What follows are some general recommendations on how to improve your search. Some tips represent performance benefits, some provide a better search index. You should evaluate these options for yourself and pick the ones that will work best for you. Not all situations are created equal and many of these options could be considered mandatory in some cases and unnecessary premature optimizations in others. Your mileage may vary.

Good Search Needs Good Content

Most search engines work best when they're given corpuses with predominantly text (as opposed to other data like dates, numbers, etc.) in decent quantities (more than a couple words). This is in stark contrast to the databases most people are used to, which rely heavily on non-text data to create relationships and for ease of querying.

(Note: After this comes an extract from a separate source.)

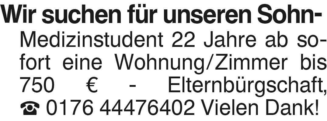 Wir suchen für unseren So Wir suchen für unseren Sohn- Medizinstudent 22 Jahre ab sofort eine Wohnung/Zimmer bis 750 EUR - Elternbürgschaft, 0176 44476402 Vielen Dank!Das könnte Sie auch interessieren
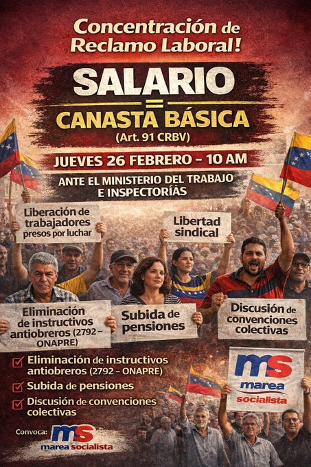 «Presentaremos un Pliego Nacional con exigencias ante el Ministerio del Trabajo en Caracas y en las Inspectorías de cada estado, por las constantes violaciones de los derechos laborales y para exigir #SalarioIgualCanastaBásica (Art91CRBV)», registró Marea Socialista en un post.

To this end, if search is important to you, you should take the time to carefully craft your SearchIndex subclasses to give the search engine the best information you can. This isn't necessarily hard but is worth the investment of time and thought. Assuming you've only ever used the BasicSearchIndex, in creating custom SearchIndex classes, there are some easy improvements to make that will make your search better:

  • For your document=True field, use a well-constructed template.
  • Add fields for data you might want to be able to filter by.
  • If the model has related data, you can squash good content from those related models into the parent model's SearchIndex.
  • Similarly, if you have heavily de-normalized models, it may be best represented by a single indexed model rather than many indexed models.

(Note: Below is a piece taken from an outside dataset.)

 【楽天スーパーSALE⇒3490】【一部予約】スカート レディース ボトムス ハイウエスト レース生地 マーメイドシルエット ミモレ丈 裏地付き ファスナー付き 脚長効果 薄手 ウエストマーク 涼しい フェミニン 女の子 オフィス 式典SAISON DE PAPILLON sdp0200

Well-Constructed Templates

A relatively unique concept in Haystack is the use of templates associated with SearchIndex fields. These are data templates, will never been seen by users and ideally contain no HTML. They are used to collect various data from the model and structure it as a document for the search engine to analyze and index.

Note

If you read nothing else, this is the single most important thing you can do to make search on your site better for your users. Good templates can make or break your search and providing the search engine with good content to index is critical.

Good templates structure the data well and incorporate as much pertinent text as possible. This may include additional fields such as titles, author information, metadata, tags/categories. Without being artificial, you want to construct as much context as you can. This doesn't mean you should necessarily include every field, but you should include fields that provide good content or include terms you think your users may frequently search on.

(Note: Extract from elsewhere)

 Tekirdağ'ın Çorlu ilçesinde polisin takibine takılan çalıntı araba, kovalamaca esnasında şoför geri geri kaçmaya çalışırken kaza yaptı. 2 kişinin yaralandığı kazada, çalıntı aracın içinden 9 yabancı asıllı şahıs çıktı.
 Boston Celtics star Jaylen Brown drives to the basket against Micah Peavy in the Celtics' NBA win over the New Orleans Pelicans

Unless you have very unique numbers or dates, neither of these types of data are a good fit within templates. They are usually better suited to other fields for filtering within a SearchQuerySet.

Additional Fields For Filtering

Documents by themselves are good for generating indexes of content but are generally poor for filtering content, for instance, by date. All search engines supported by Haystack provide a means to associate extra data as attributes/fields on a record. The database analogy would be adding extra columns to the table for filtering.

Good candidates here are date fields, number fields, de-normalized data from related objects, etc. You can expose these things to users in the form of a calendar range to specify, an author to look up or only data from a certain series of numbers to return.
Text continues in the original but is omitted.